§ About this task: Copy each line below exactly and leave the pictures out.

§ Supplied data:
--------------------

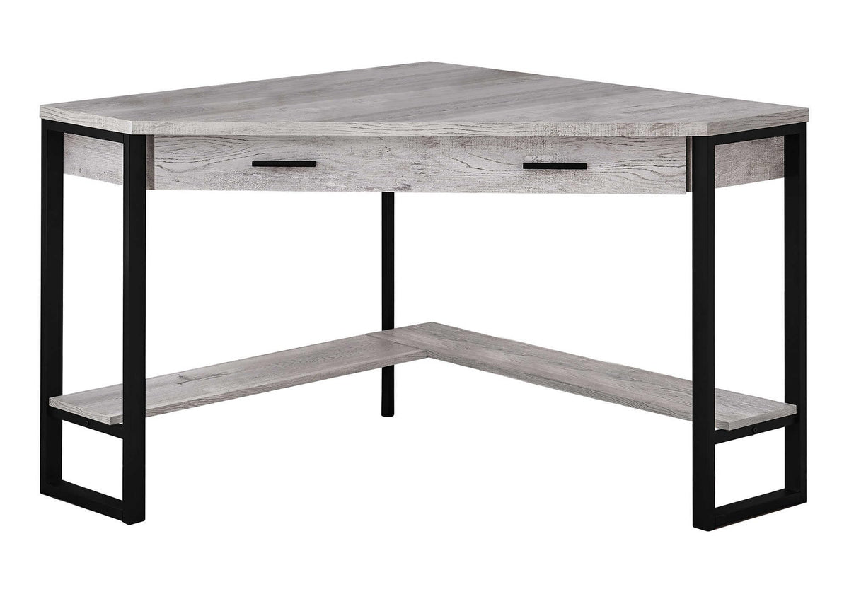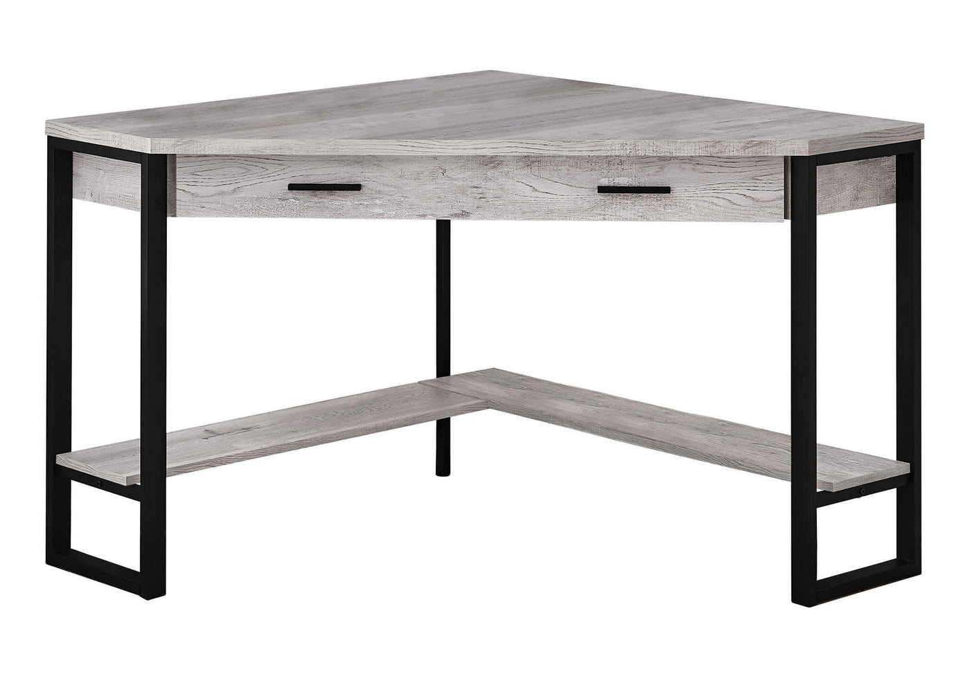 That Unused Corner In Your Home Just Got Filled With This Perfectly Angled, Contemporary Style, Corner Computer Desk. The Black Metal Framing Elevates The Whole Design Into A Stylish And Practical Workspace. This Desk Provides Plenty Of Storage Options, With A Single Long Drawer Accented With Sleek Black Plastic Handles, And Open Bottom Shelving For Books And Other Office Essentials Within Easy Reach. Finished In An Elegant Grey Reclaimed Wood-Look On All Sides Also Allows You To Bring It To The Center Of The Room For All To Admire. This Unique Style Corner Desk Has Everything You Need To Create Your Personal Home Office Setup. Assembly Is Required.
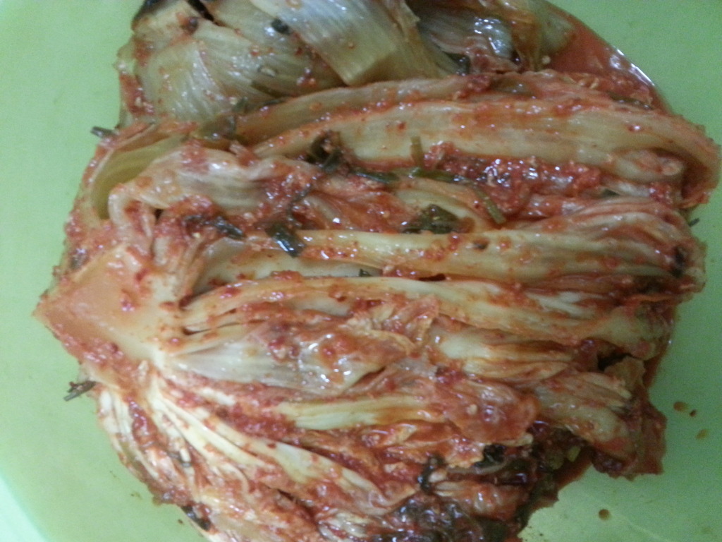 그 물에 신김치 씻어서 썰어 넣고,
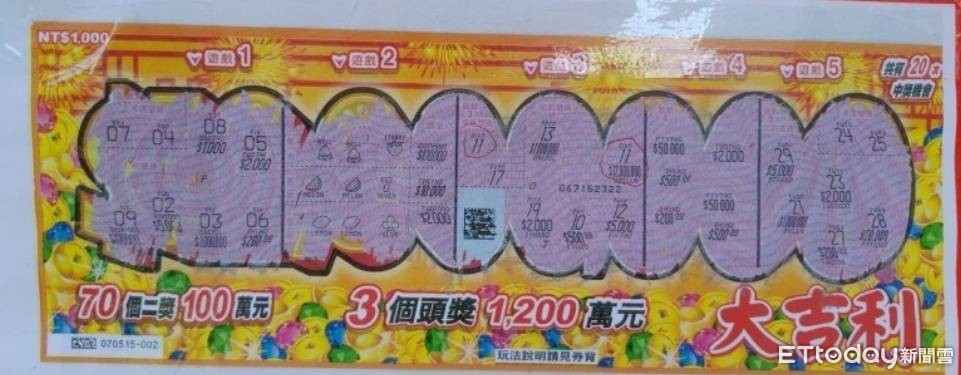 ▲ 台彩「大吉利」刮刮樂,共有3張1200萬元頭獎,日前嘉義縣民雄鄉「加億彩券行」開出一張 。(圖/記者翁伊森翻攝,下同)

--------------------

§ Answer section:
 That Unused Corner In Your Home Just Got Filled With This Perfectly Angled, Contemporary Style, Corner Computer Desk. The Black Metal Framing Elevates The Whole Design Into A Stylish And Practical Workspace. This Desk Provides Plenty Of Storage Options, With A Single Long Drawer Accented With Sleek Black Plastic Handles, And Open Bottom Shelving For Books And Other Office Essentials Within Easy Reach. Finished In An Elegant Grey Reclaimed Wood-Look On All Sides Also Allows You To Bring It To The Center Of The Room For All To Admire. This Unique Style Corner Desk Has Everything You Need To Create Your Personal Home Office Setup. Assembly Is Required.
 그 물에 신김치 씻어서 썰어 넣고,
 ▲ 台彩「大吉利」刮刮樂,共有3張1200萬元頭獎,日前嘉義縣民雄鄉「加億彩券行」開出一張 。(圖/記者翁伊森翻攝,下同)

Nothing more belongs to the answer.